**Work to complete**.
Retype, word for word, only the lines from the one containing "Por último, foi" through the last line of the listing below. Pictures do not belong in the result.

**Given records**.

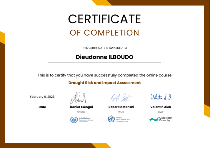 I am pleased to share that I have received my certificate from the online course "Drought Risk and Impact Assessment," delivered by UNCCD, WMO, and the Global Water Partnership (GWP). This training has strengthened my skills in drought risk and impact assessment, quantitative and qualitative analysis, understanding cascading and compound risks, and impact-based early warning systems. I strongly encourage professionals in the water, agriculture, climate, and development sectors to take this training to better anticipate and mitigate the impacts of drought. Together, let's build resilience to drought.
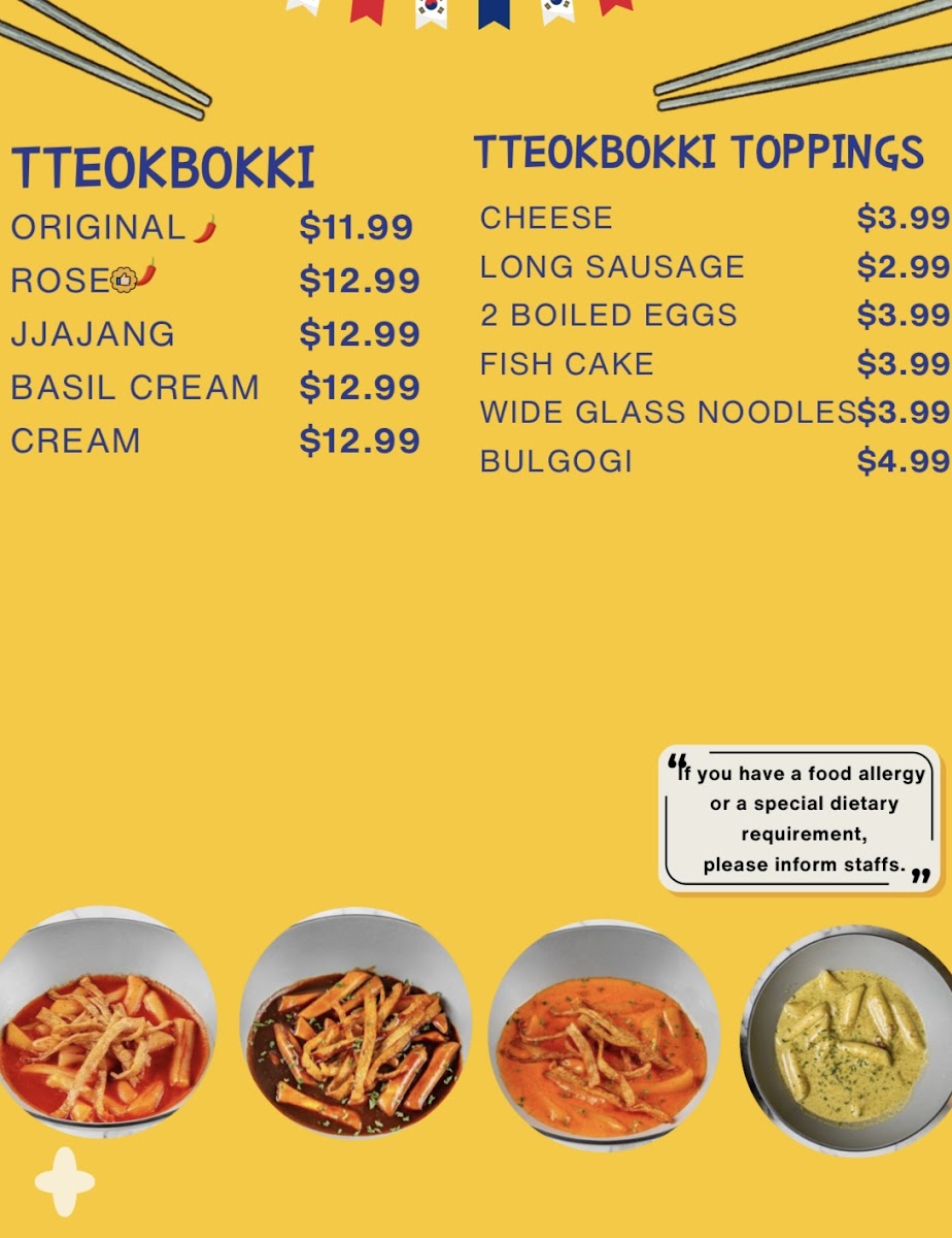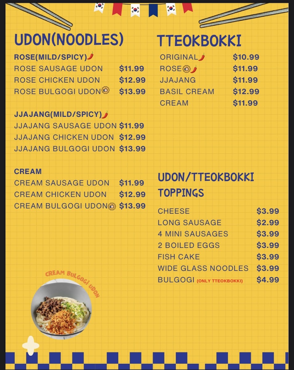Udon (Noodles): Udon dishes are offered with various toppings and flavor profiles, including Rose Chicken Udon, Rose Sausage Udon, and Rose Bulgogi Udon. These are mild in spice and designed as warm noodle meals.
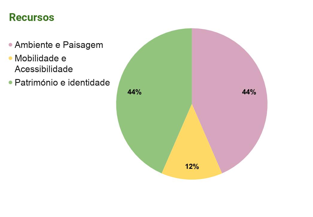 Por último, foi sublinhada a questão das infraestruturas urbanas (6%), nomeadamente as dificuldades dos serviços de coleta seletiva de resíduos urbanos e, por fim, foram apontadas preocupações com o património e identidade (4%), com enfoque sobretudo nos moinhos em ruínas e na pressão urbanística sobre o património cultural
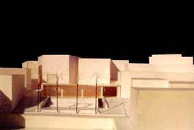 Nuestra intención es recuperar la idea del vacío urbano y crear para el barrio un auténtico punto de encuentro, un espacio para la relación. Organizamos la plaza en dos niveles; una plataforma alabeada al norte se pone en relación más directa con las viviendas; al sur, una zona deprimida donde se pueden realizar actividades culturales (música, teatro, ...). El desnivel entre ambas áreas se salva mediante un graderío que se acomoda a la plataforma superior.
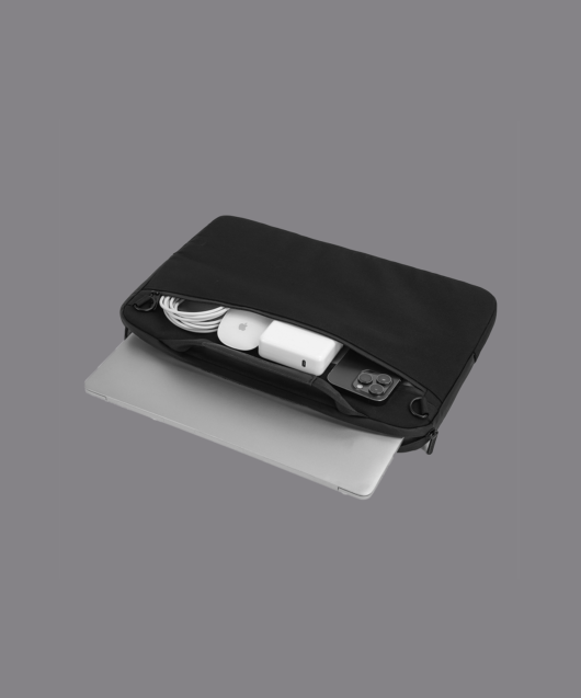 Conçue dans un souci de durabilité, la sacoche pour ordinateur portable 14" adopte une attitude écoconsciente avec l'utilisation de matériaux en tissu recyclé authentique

**The answer**.
 Por último, foi sublinhada a questão das infraestruturas urbanas (6%), nomeadamente as dificuldades dos serviços de coleta seletiva de resíduos urbanos e, por fim, foram apontadas preocupações com o património e identidade (4%), com enfoque sobretudo nos moinhos em ruínas e na pressão urbanística sobre o património cultural
 Nuestra intención es recuperar la idea del vacío urbano y crear para el barrio un auténtico punto de encuentro, un espacio para la relación. Organizamos la plaza en dos niveles; una plataforma alabeada al norte se pone en relación más directa con las viviendas; al sur, una zona deprimida donde se pueden realizar actividades culturales (música, teatro, ...). El desnivel entre ambas áreas se salva mediante un graderío que se acomoda a la plataforma superior.
 Conçue dans un souci de durabilité, la sacoche pour ordinateur portable 14" adopte une attitude écoconsciente avec l'utilisation de matériaux en tissu recyclé authentique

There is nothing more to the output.